▶ [What the task requires]
Could you print, exactly and without pictures, only the lines from the one with "ВТБ 24, ПАО" through the end of the records below?

-=-=-=-=-

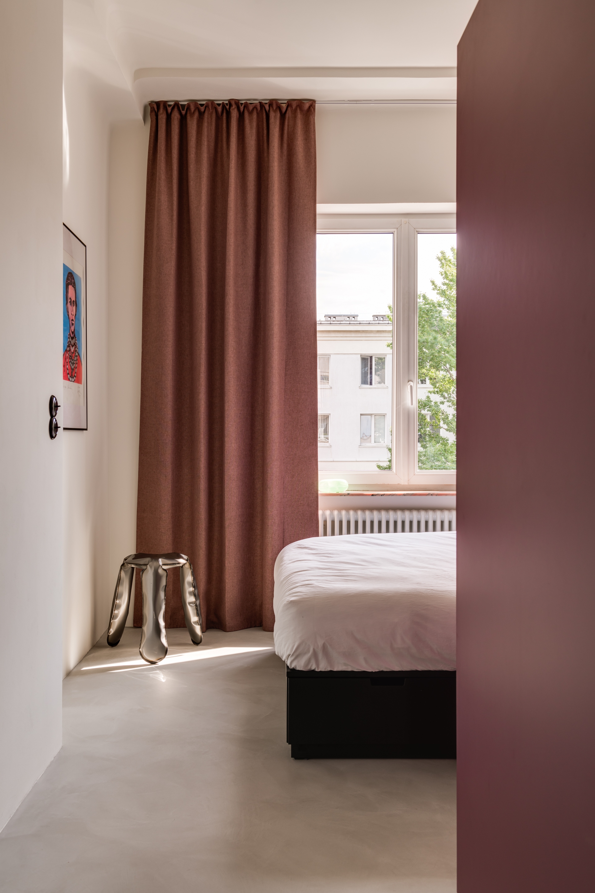 The apartment is based on several dominant "cubes". Each of them has a different function, accentuated by various patterns through the use of veneer or colour. In the kitchen, the tall built-in furniture finished with veneer made of an extremely impressive American walnut burl constitutes the main feature. The mesmerizing organic pattern contrasts perfectly with the smooth surface of the brushed steel cabinets and the rigorous geometry of simple white tiles lining part of the wall. Accent number two welcomes guests upon entering the apartment – after crossing the portal finished with Brazilian green marble, their eyes take in the truly psychedelic motif, originally created by nature, but later refined by post-modernist Ettore Sottsass. It houses a wardrobe finished with an impressive veneer, designed by Sottsass in 1985. The pink terrazzo round table and the vintage oblong chairs designed by Bruno Rey pay homage to the colourful aesthetics of the Memphis Group. The steel door placed in the closet leads to the bedroom, dominated by the colour purple mixed with navy accents (porcelain sconces and Italian tiles on the bed’s headboard). The large size of the room accommodated also a functional, cube-shaped wardrobe and a utility room, concealed by white built-in furniture. This way, the living area is effectively separated from the private part of the apartment.
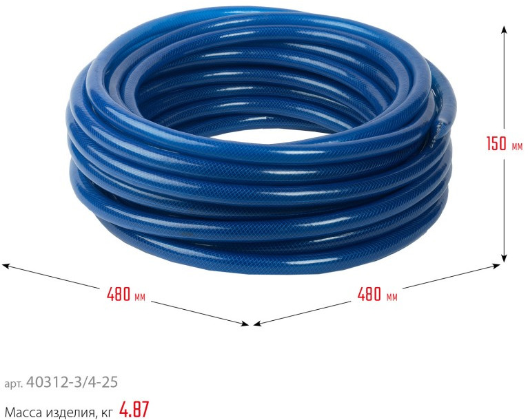 Поливочный шланг Зубр Профессионал 3/4" 25 м 22 атм, трёхслойный, армированный [40312-3/4-25]
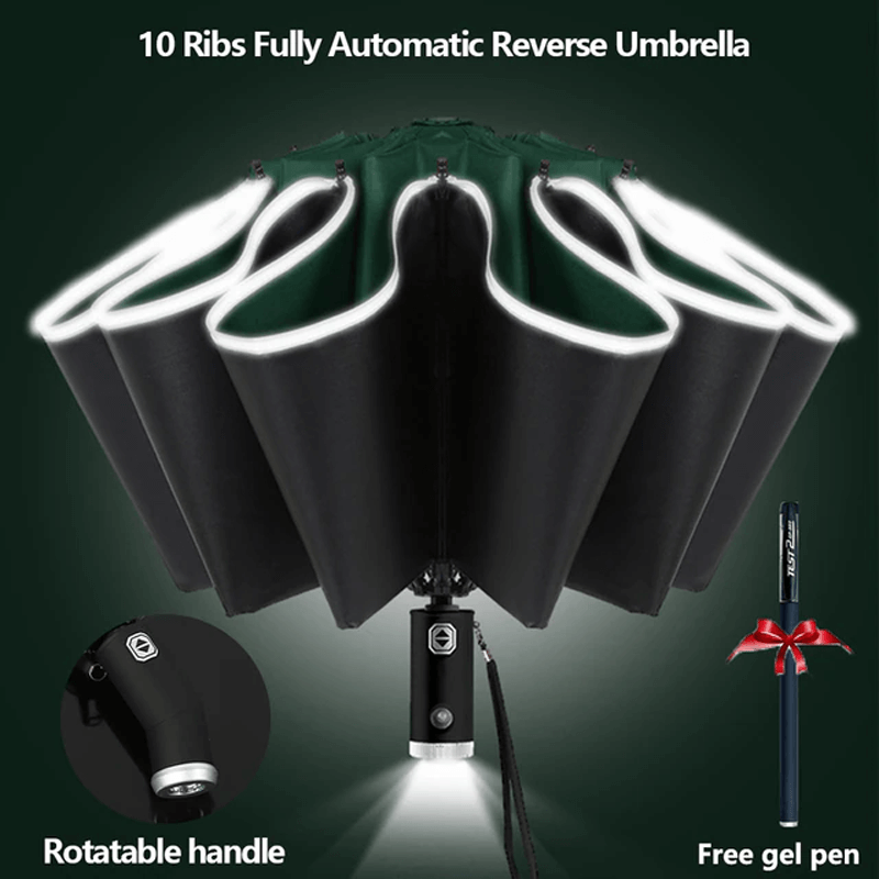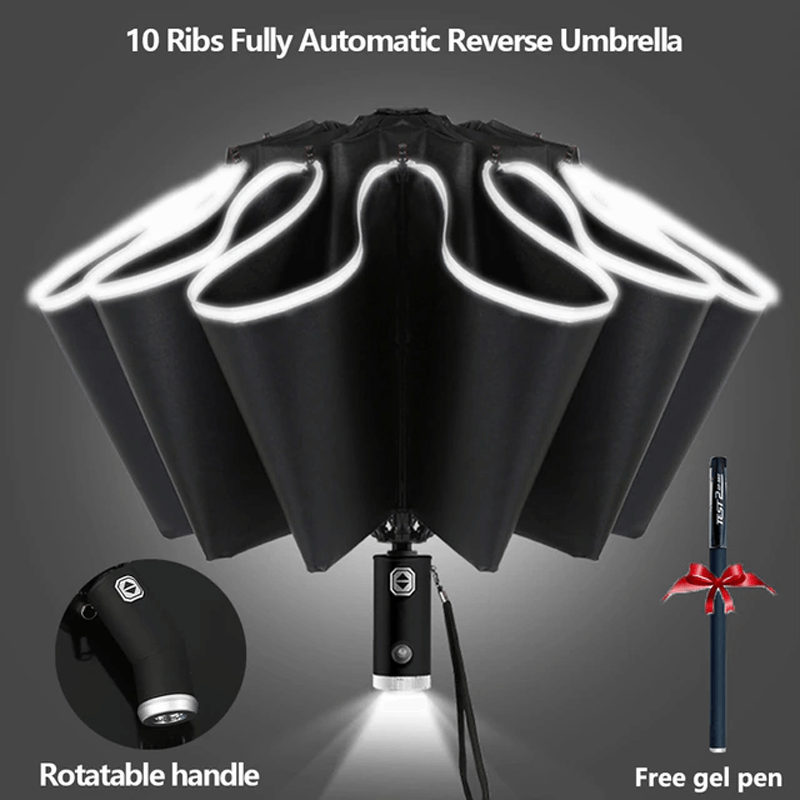 Dess innovativa omvända hopfällningsdesign, tillsammans med inbyggda LED-lampor, ser till att du håller dig torr samtidigt som din väg belyses. En vindtålig konstruktion och en kompakt form förstärker ytterligare dess praktiska användning.
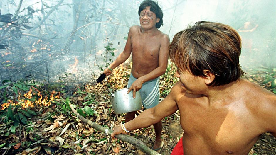 La récupération de terres sur la forêt est souvent nécessaire pour assurer l’alimentation des populations locales. Ici des indiens Yanomamis, dans l’État Brésilien de Roraima, nettoient une parcelle qui a été récupérée par brûlage. Dans d’autres régions, c’est l’exploitation minière ou l’agriculture industrielle, comme celle de l’huile de palme en Indonésie, qui menace les espaces forestiers.
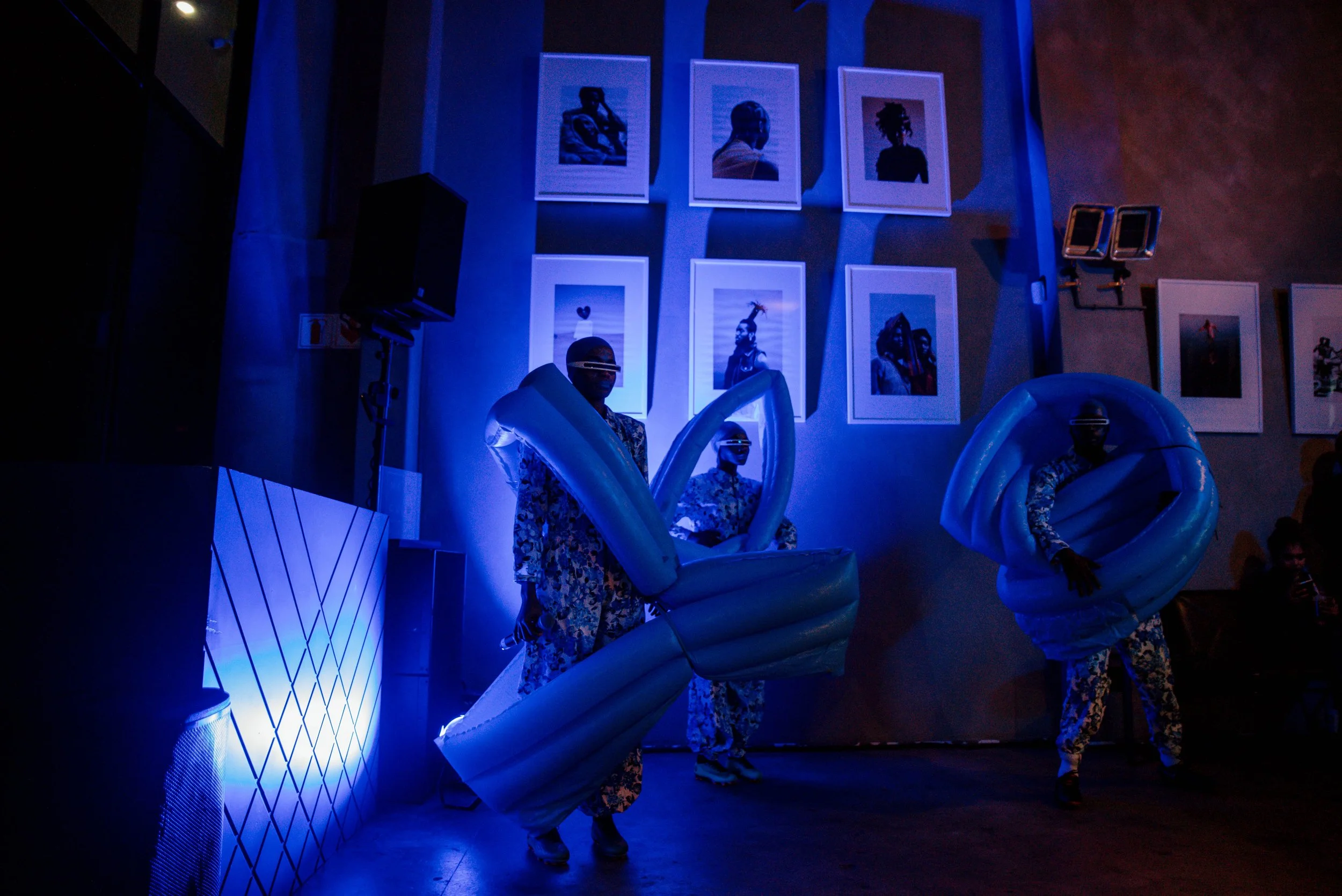 Artist and musician Manthe Ribane brought the gallery alive with her performance alongside her siblings as Dear Ribane. The trio wore extravagant blue balloon costumes, their movements echoing and amplifying her evocative and ethereal sounds.
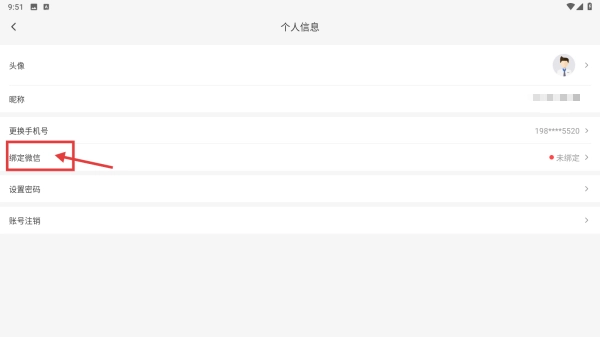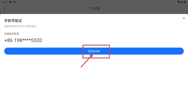 在个人信息页面,点击“绑定微信”选项,即可进入手机号验证界面。
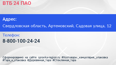 ВТБ 24, ПАО по адресу Свердловская область, Артемовский, Садовая улица, 12 в дальнейшем Организация, размещена в следующих категориях:
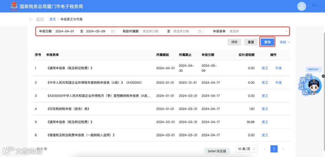 2、进入到页面后,我们可以通过选择申报日期、税款所属期及申报表对已完成申报的申报表信息进行查询。
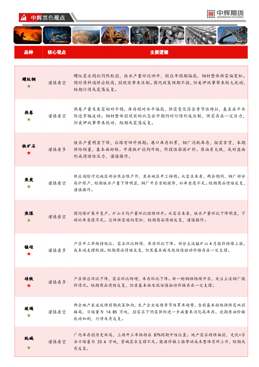 中辉期货-技术分析看黑色周报:铁矿领涨均收阳,双焦中阳材大涨-260315
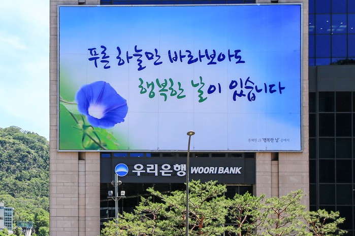 우리은행을 거래하는 한 고객은 “우리은행 본점 빌딩은 지리적으로도 서울 중구 회현동 남산자락에 위치하고 있어 건물 외벽에 게시된 글판은 남산과도 절묘하게 어울린다”라고 말했다.
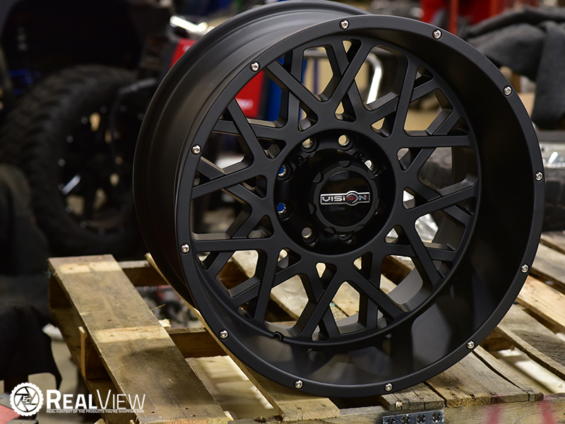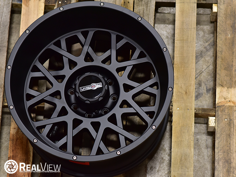 Anthracite W/ Satin Black Lip & Chrome Bolts Vision Offroad Rocker Wheel (Series 412ABL). One Piece Aluminum. Closed Lugs.
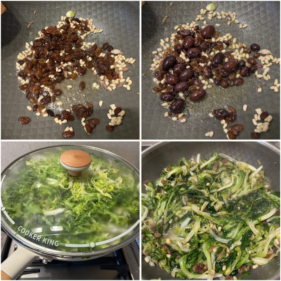 Wascht sie gründlich, entfernt die härteren Teile und zupft sie grob mit den Händen auseinander. Erhitzt in einer großen Pfanne einen Schuss extra natives Olivenöl, gebt die Knoblauchzehe und die Sardellenfilets hinzu. Lasst die Sardellen langsam zerfallen und gebt die Pinienkerne sowie danach Rosinen und Oliven dazu.
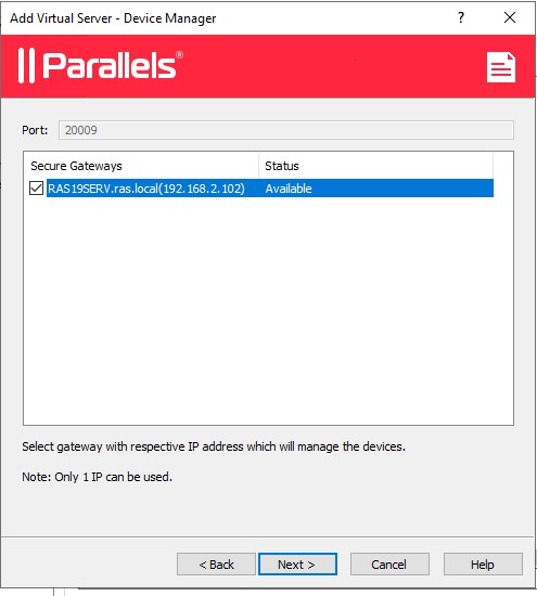 Configure Windows client device management, select a gateway that will manage Windows client devices. Note that only one IP address per gateway can be used.
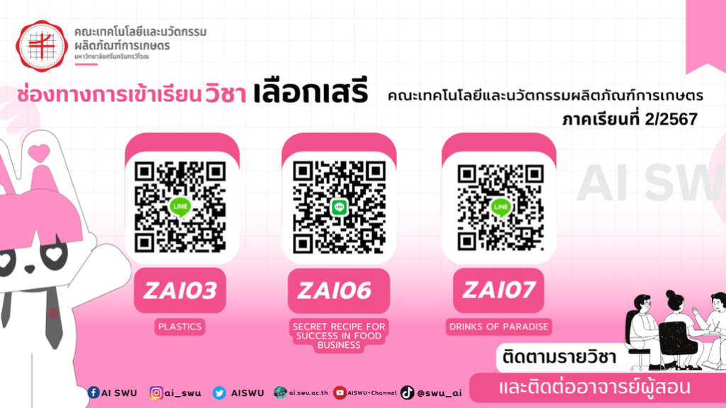 ช่องทางการติดต่อชุดวิชาเลือกเสรี ภาคเรียนที่ 2/2567 คณะเทคโนโลยีและนวัตกรรมผลิตภัณฑ์การเกษตร 📌📌📌📌📌📌📌📌
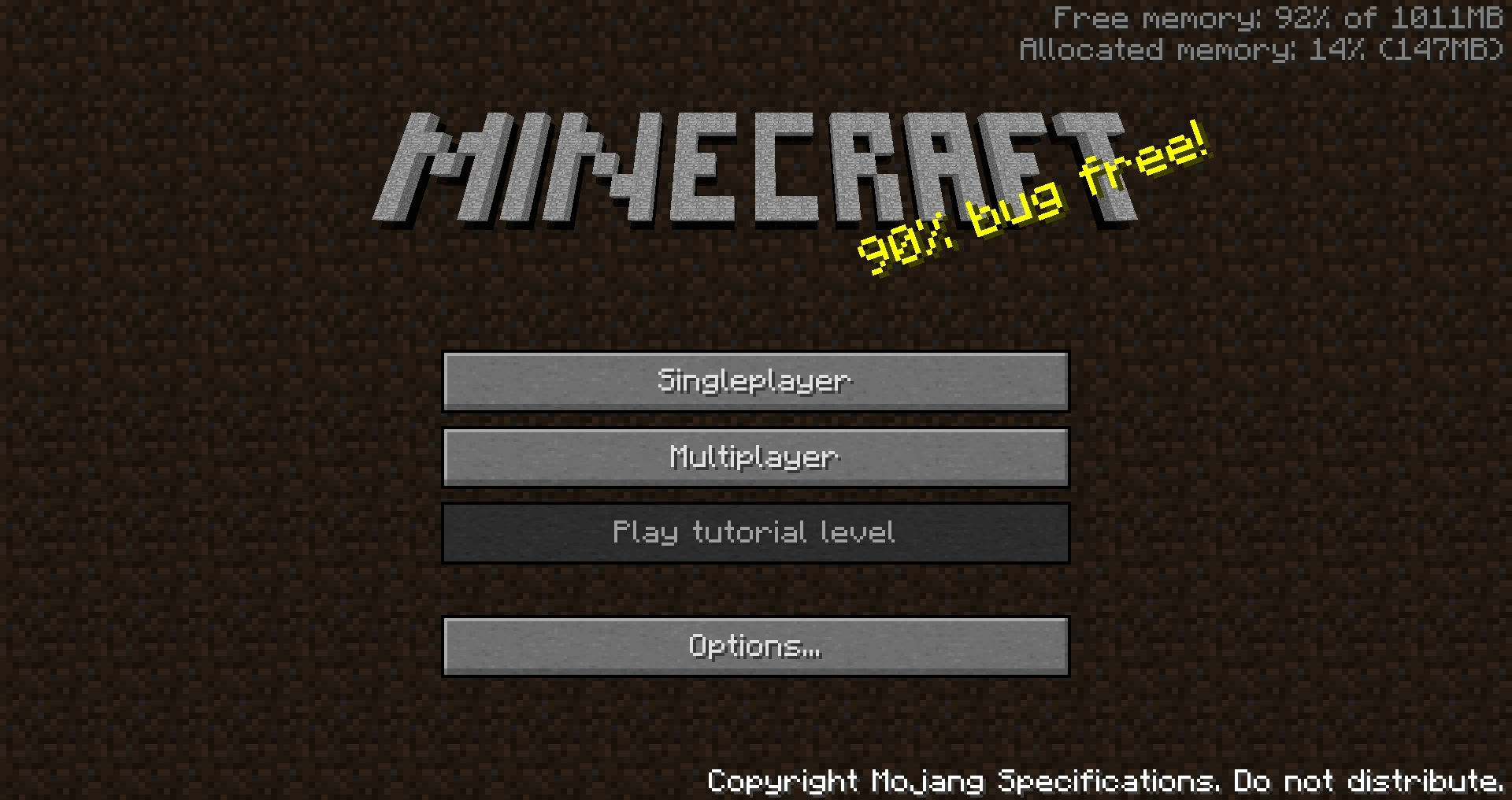 | Alpha 1.2.2 — Beta 1.3_01 | Przycisk Play Tutorial Level zastąpiony przez Mods and Texture Packs | |
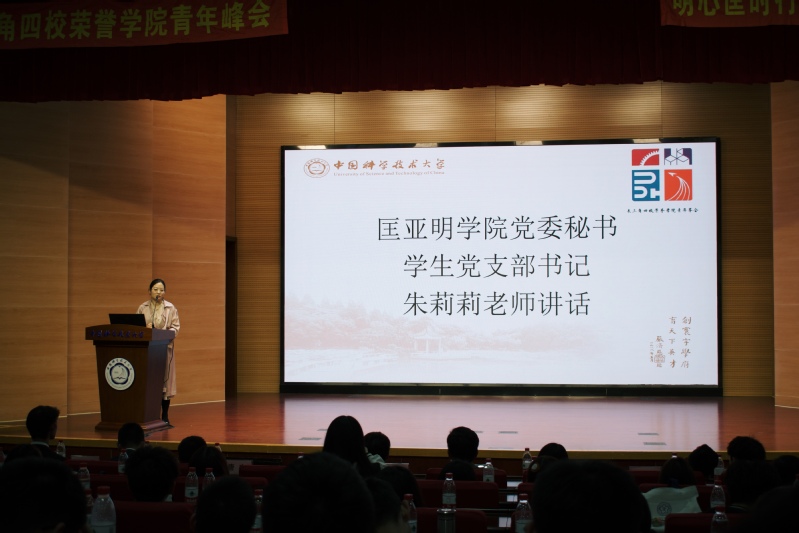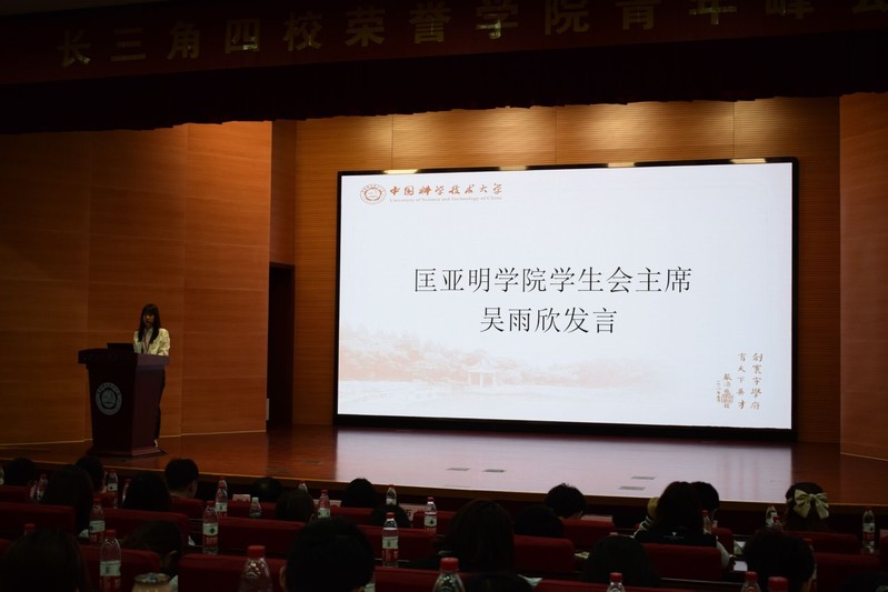 开幕式在少院学生会同学们精心改编的《少院欢迎你》中拉开帷幕,歌词中尽显同学们的热情与才华高志少院同学带来《少院欢迎你》随后,四校进行了各自学生会与学院的介绍与交流,也各自表达了对这次峰会的美好祝愿。其中,我校党委秘书、学生党支部书记朱莉莉老师代表我校进行了发言。朱老师表达了对少班热情邀请与接待的诚挚谢意,也对同学们寄予了共同探讨、共同进步、明心匡时的美好祝福。之后,由我校学生会主席团成员蔡增昕同学对匡院以及匡院学生会的概况进行汇报。汇报展现了匡院学生会的特色项目以及包容进步的态度,其中基础学术论坛项目更是吸引了一批同学们扫码关注。

-=-=-=-=-

▶ [Task response]
 ВТБ 24, ПАО по адресу Свердловская область, Артемовский, Садовая улица, 12 в дальнейшем Организация, размещена в следующих категориях:
 2、进入到页面后,我们可以通过选择申报日期、税款所属期及申报表对已完成申报的申报表信息进行查询。
 中辉期货-技术分析看黑色周报:铁矿领涨均收阳,双焦中阳材大涨-260315
 우리은행을 거래하는 한 고객은 “우리은행 본점 빌딩은 지리적으로도 서울 중구 회현동 남산자락에 위치하고 있어 건물 외벽에 게시된 글판은 남산과도 절묘하게 어울린다”라고 말했다.
 Anthracite W/ Satin Black Lip & Chrome Bolts Vision Offroad Rocker Wheel (Series 412ABL). One Piece Aluminum. Closed Lugs.
 Wascht sie gründlich, entfernt die härteren Teile und zupft sie grob mit den Händen auseinander. Erhitzt in einer großen Pfanne einen Schuss extra natives Olivenöl, gebt die Knoblauchzehe und die Sardellenfilets hinzu. Lasst die Sardellen langsam zerfallen und gebt die Pinienkerne sowie danach Rosinen und Oliven dazu.
 Configure Windows client device management, select a gateway that will manage Windows client devices. Note that only one IP address per gateway can be used.
 ช่องทางการติดต่อชุดวิชาเลือกเสรี ภาคเรียนที่ 2/2567 คณะเทคโนโลยีและนวัตกรรมผลิตภัณฑ์การเกษตร 📌📌📌📌📌📌📌📌
 | Alpha 1.2.2 — Beta 1.3_01 | Przycisk Play Tutorial Level zastąpiony przez Mods and Texture Packs | |
 开幕式在少院学生会同学们精心改编的《少院欢迎你》中拉开帷幕,歌词中尽显同学们的热情与才华高志少院同学带来《少院欢迎你》随后,四校进行了各自学生会与学院的介绍与交流,也各自表达了对这次峰会的美好祝愿。其中,我校党委秘书、学生党支部书记朱莉莉老师代表我校进行了发言。朱老师表达了对少班热情邀请与接待的诚挚谢意,也对同学们寄予了共同探讨、共同进步、明心匡时的美好祝福。之后,由我校学生会主席团成员蔡增昕同学对匡院以及匡院学生会的概况进行汇报。汇报展现了匡院学生会的特色项目以及包容进步的态度,其中基础学术论坛项目更是吸引了一批同学们扫码关注。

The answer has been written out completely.